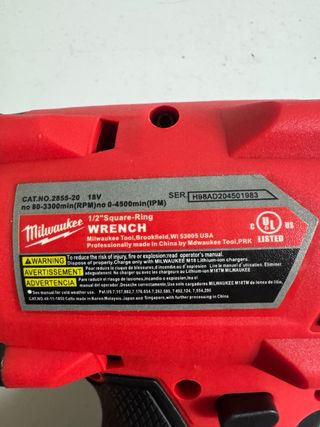 Llave de cuadradillo Milwaukee de 18V. - Modelo: 2855-20 - Velocidad: 80-3300 RPM / 0-4500 IPM - Serie: H98AD204501983 - Fabricada profesionalmente en China por Milwaukee Tool. - Requiere cargadores MILWAUKEE M18 Lithium-ion. - 300NM par de apriete
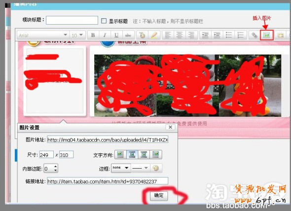 接下來給模板內(nèi) 添加自己的寶貝圖片 點(diǎn)擊 插入圖片 輸入 圖片地址 鏈接地址 點(diǎn)擊確定
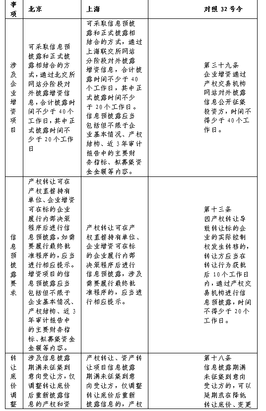 六、企业增资可采取信息预披露和正式披露相结合的方式,通过产权交易机构网站分阶段对外披露增资信息,合计披露时间不少于40个工作日,其中正式披露时间不少于20个工作日。信息预披露应当包括但不限于企业基本情况、产权结构、近3年审计报告中的主要财务指标、拟募集资金金额等内容。七、产权转让可在产权直接持有单位、企业增资可在标的企业履行内部决策程序后进行信息披露,涉及需要履行最终批准程序的,应当进行相应提示。(与32号文相应规定相比,将增资行为作为法定信息披露的内容)
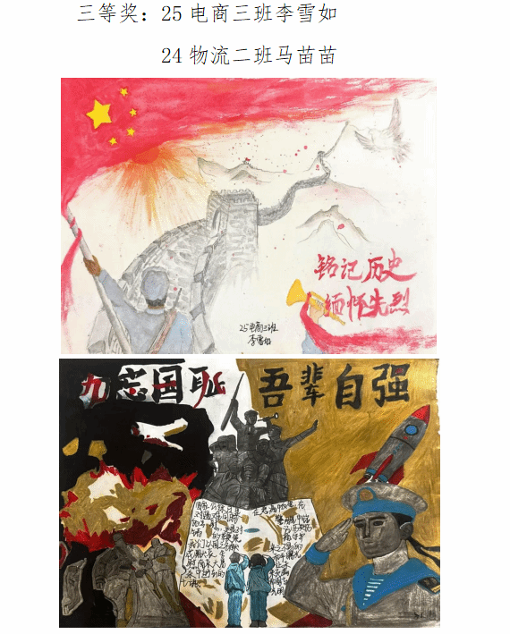 活动得到同学们积极响应,经潜心构思与精心打磨,已圆满落幕。创作中,学子们或用细腻笔触勾勒历史瞬间,传递对和平的珍视;或用真挚文字抒发爱国情怀,诠释青年的责任与担当,每一处细节都彰显着创作者的赤子之心与家国情怀。
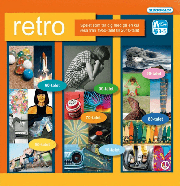 Retro is a trivia board game released in 2006, designed by Kisse Lindén and illustrated by Kärnan. It is a race-style game where players move around the board answering trivia questions to progress. The game is recommended for players aged 15 and above, with 3 to 6 players able to participate.
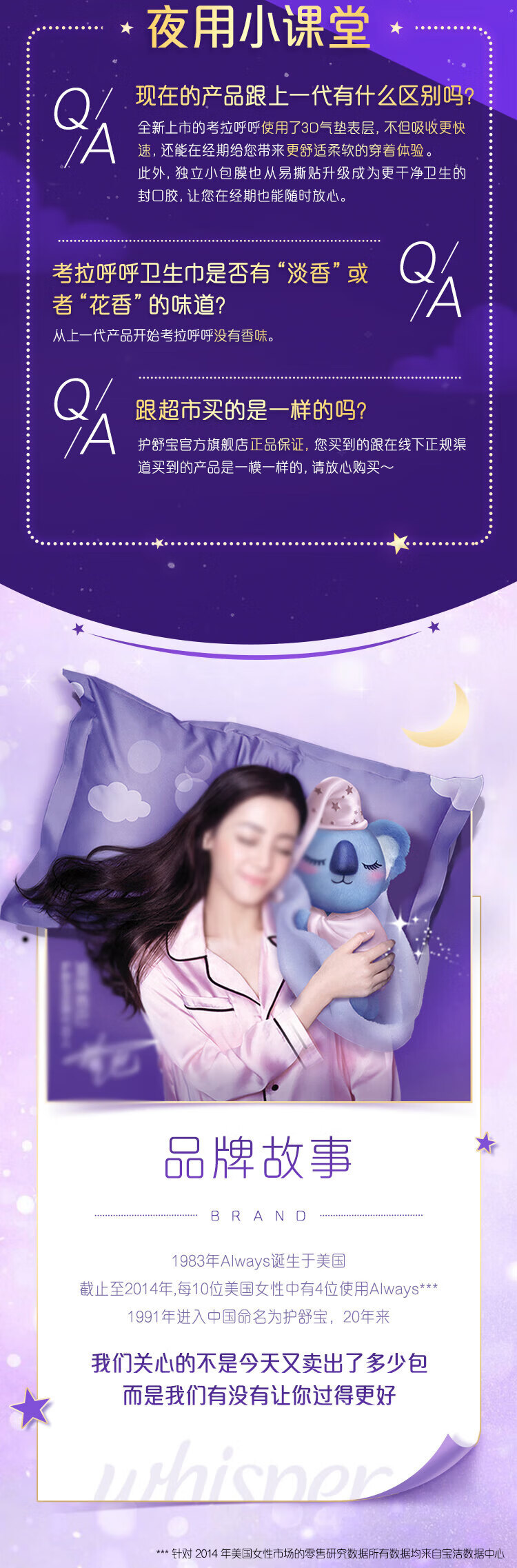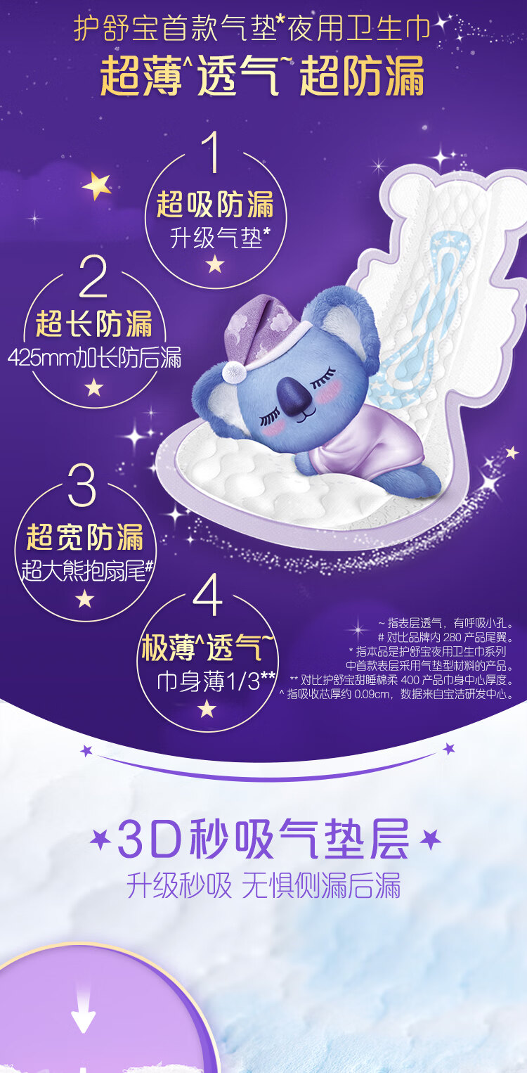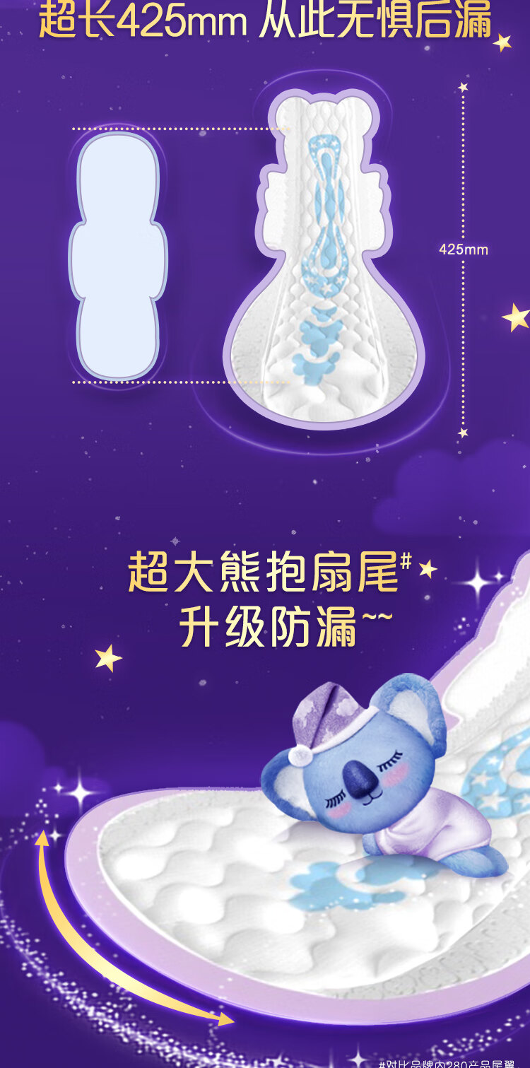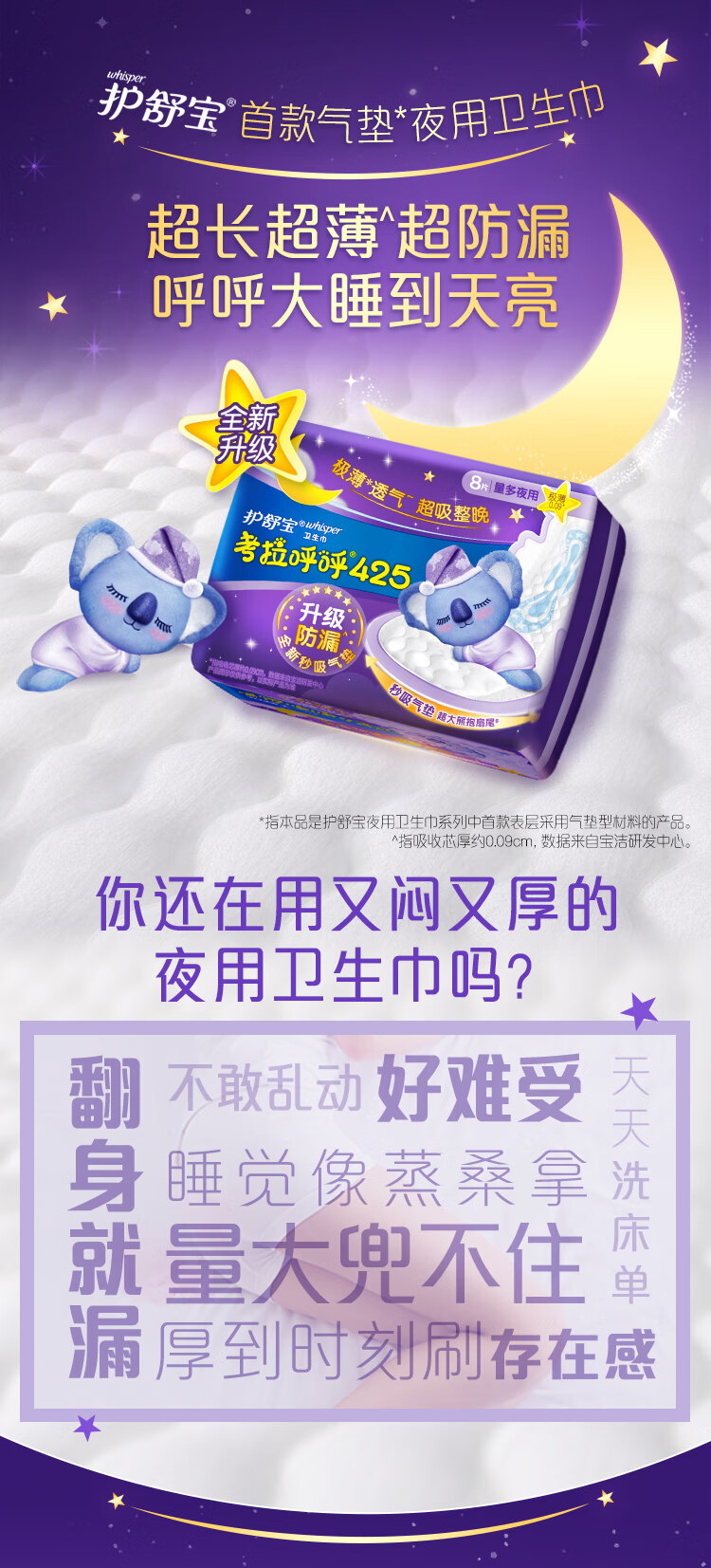 护舒宝考拉呼呼极薄卫生巾超长夜用425mm8片/包
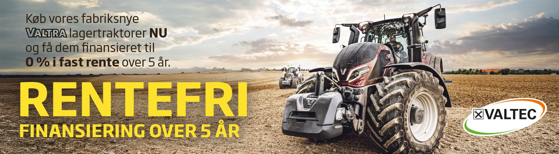 Køb vores fabriksnye Valtra lagertraktorer nu og få dem finansieret til o % i fast rente over 5 år.

———

- _Directions for this task_
Return word for word the lines of the listing above, starting at the line with "接下來給模板內(nèi) 添加自己的寶貝圖片 點(diǎn)擊" and ending at the line with "活动得到同学们积极响应,经潜", both included. Pictures do not belong in the copy.

- _Answer area_
 接下來給模板內(nèi) 添加自己的寶貝圖片 點(diǎn)擊 插入圖片 輸入 圖片地址 鏈接地址 點(diǎn)擊確定
 六、企业增资可采取信息预披露和正式披露相结合的方式,通过产权交易机构网站分阶段对外披露增资信息,合计披露时间不少于40个工作日,其中正式披露时间不少于20个工作日。信息预披露应当包括但不限于企业基本情况、产权结构、近3年审计报告中的主要财务指标、拟募集资金金额等内容。七、产权转让可在产权直接持有单位、企业增资可在标的企业履行内部决策程序后进行信息披露,涉及需要履行最终批准程序的,应当进行相应提示。(与32号文相应规定相比,将增资行为作为法定信息披露的内容)
 活动得到同学们积极响应,经潜心构思与精心打磨,已圆满落幕。创作中,学子们或用细腻笔触勾勒历史瞬间,传递对和平的珍视;或用真挚文字抒发爱国情怀,诠释青年的责任与担当,每一处细节都彰显着创作者的赤子之心与家国情怀。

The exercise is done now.